What songs do you sing best?I loovvee worship songs! Majority of my songs that I lead are worship. I dont mind a good hand clapping foot stomping song, but I just get lost in the presence of God in worship. 

What is/are your favourite soug/s to sing? I have so many.But one of my favorites to lead is "He's Able" by Darwin Hobbs and "How Deeply I need you By Shekinah Glory"

When did you or someone in your family notice your gift? I dont think no one really has yet...but they will..Oh wait my dad did a couple of years ago when I sang for him, and he was like "where did that come from"? He didnt know I could sing because I never used to sing 
In what ways are you able to exercise your gift of singing? I sing on the praise team at my church. But honestly, I really like singing alone at home or in my car, because thats another way of prayer to me. When I am singing in front of an audience, its fine too. But when its just me and God...awww man, its so intimate to me then


Did you ever take 'voice' lessons or was it just natural? I never took lessons. I do practice because I want my gift to always grow and excel but I never took any professional lessons. 
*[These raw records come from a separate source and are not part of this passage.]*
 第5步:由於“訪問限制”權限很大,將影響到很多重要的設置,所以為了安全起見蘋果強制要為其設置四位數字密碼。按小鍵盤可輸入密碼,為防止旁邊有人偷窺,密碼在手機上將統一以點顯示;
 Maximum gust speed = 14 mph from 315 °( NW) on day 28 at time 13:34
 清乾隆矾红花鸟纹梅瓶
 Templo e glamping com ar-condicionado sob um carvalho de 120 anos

Do you sing lullabies or soft songs to your 'babies'/children? Dont have any kids....yet 

Do you have videos or a YouTube of you singing? Do you like your videos? Can you share them here? I think it would be a blessing.  
I dont have any videos on youtube, but I may make one for yall tonight 


I loovve to sing because singing helps usher in the presence of God. But I dont pray for the ability to sound really good, I pray for the anointing. Because the anointing breaks the yoke and causes your song to minister into the hearts and be effective. I've heard many of nice voices but they had no anoniting.They hit all the high notes and did the runs perfectly, but still no anointing. I dont "perform or entertain"....I glorify God, I make it intimate.But when you can sing, and devils be cast out, and the sick are healed and people can be restored...thats what I want


----------



## Shimmie (Mar 13, 2012)

Wow... thanks Alicia.   I find this so comforting and your testimony is beautiful.    While I was reading your reply, I could 'feel' (sense) the flow of God's love.     There are those who just 'flow' with the gift of a beautiful voice that brings forth the presence of God.  
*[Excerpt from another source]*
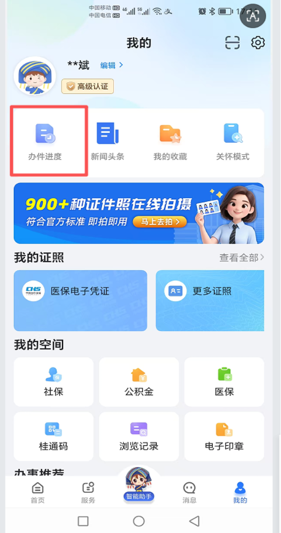 ⑥通过智桂通APP,点击“我的—办事进度”,可实时查看办事进度。

I'm looking forward to your video.      Please don't hesitate to share your 'gift' with us.   You never know whose heart you may be soothing or releasing from bondage.  The annointing truly does break (and destroy) the yolks of bondage   Music has power.


----------



## Shimmie (Mar 13, 2012)

I know we have more "voice gifts" among us.   Please share.  It's time to heal the broken hearted.       Don't hide your 'light' under bushels...


----------



## Iwanthealthyhair67 (Mar 13, 2012)

I can carry a tune, but I know I need voice lessons ...I'm in my church choir and on our praise team ...sorry to say this but I've been thinking about leaving the choir/praise team just haven't broached the subject with my Pastor yet ...long story, still praying about this matter oh and there is no church drama that brought me to this point.


----------



## Shimmie (Mar 13, 2012)

Iwanthealthyhair67 said:


> I can carry a tune, but I know I need voice lessons ...I'm in my church choir and on our praise team ...sorry to say this but I've been thinking about leaving the choir/praise team just haven't broached the subject with my Pastor yet ...long story, still praying about this matter oh and there is no church drama that brought me to this point.
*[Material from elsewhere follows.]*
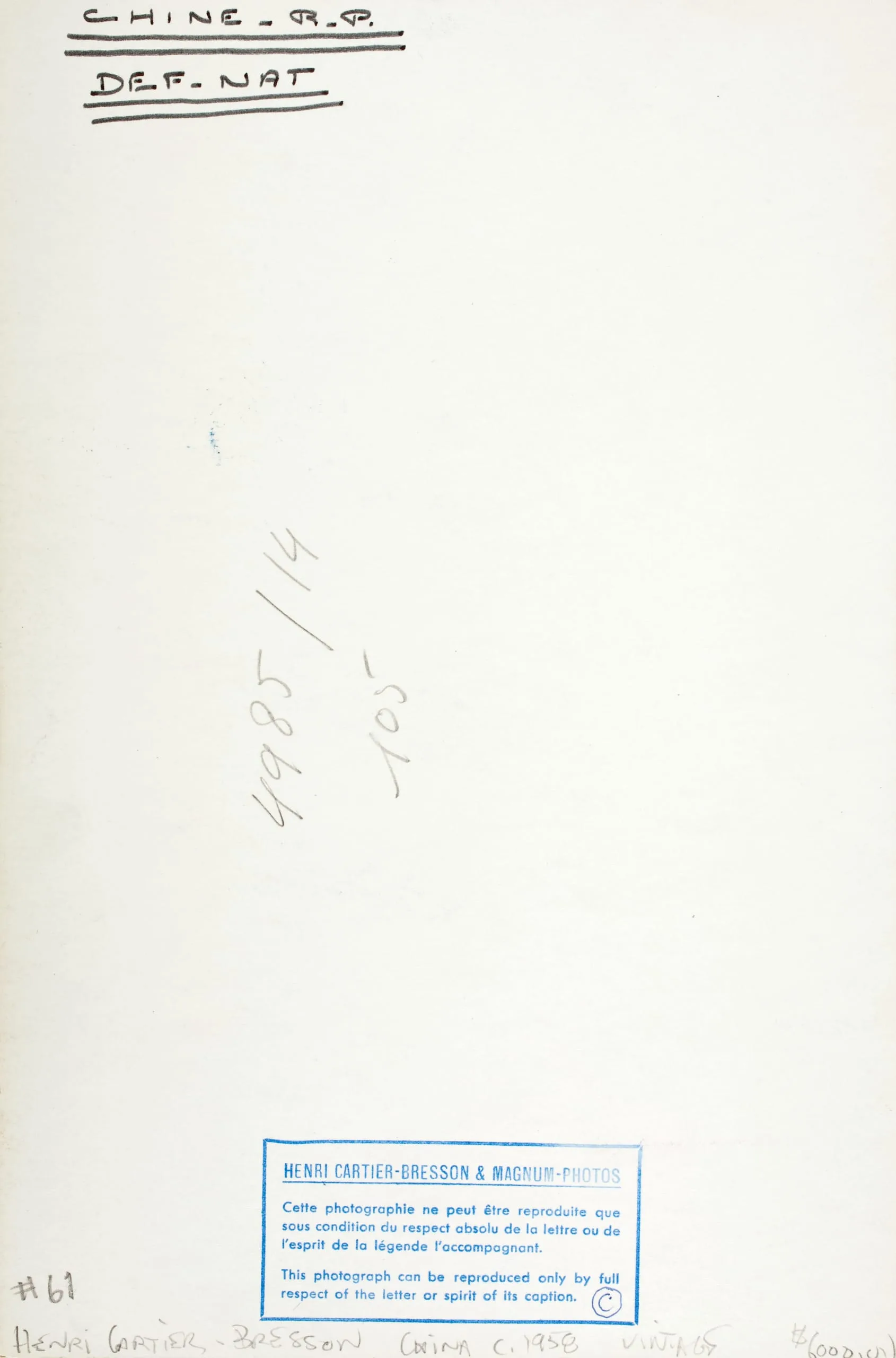 Verso of a photograph print; handwritten annotations including '49985/14' and '103–', a Henri Cartier-Bresson & Magnum Photos reproduction rights stamp in French and English, and penciled notes along the bottom edge.

I'm not surprised to hear that you can sing...    You have such strength AND gentleness behind your speaking voice.   I can only imagine how God has blessed and annointed you with the gift to sing.    

Get the video going and bless us ...


----------



## makeupgirl (Mar 14, 2012)

I don't think I can sing but I can carry a tune and is able to pick out the voice parts in the song.  

What songs do you sing best? 

Any song that I don't have to drop to tenor because I can't figure out how I should sing the song. lol

What is/are your favourite soug/s to sing?

I love praise and worship music, so anytime we sing those at my church, I'm happy go lucky. 

When did you or someone in your family notice your gift?

I'm not sure.  I remember singing in the middle of my bed when I was little but that just let my mom know that I was feverish.  I also sang in church choir and when I wasn't dancing in elementary school, I song in the school choir.  I still didn't think I could sing then but people used to say that I could.  This lady at my church said I have a beautiful alto voice. 

In what ways are you able to exercise your gift of singing? 

(Note: Please don't feel 'hindered' to share if you sing outside of your Church -- no condemnation here) :Rose:

I sing in the choir (whenever I can make it to rehearsals) but also doing church services when I'm not in the choir.  Also, in my car, my room, sometimes I may sing along with my ipod at my desk at work. 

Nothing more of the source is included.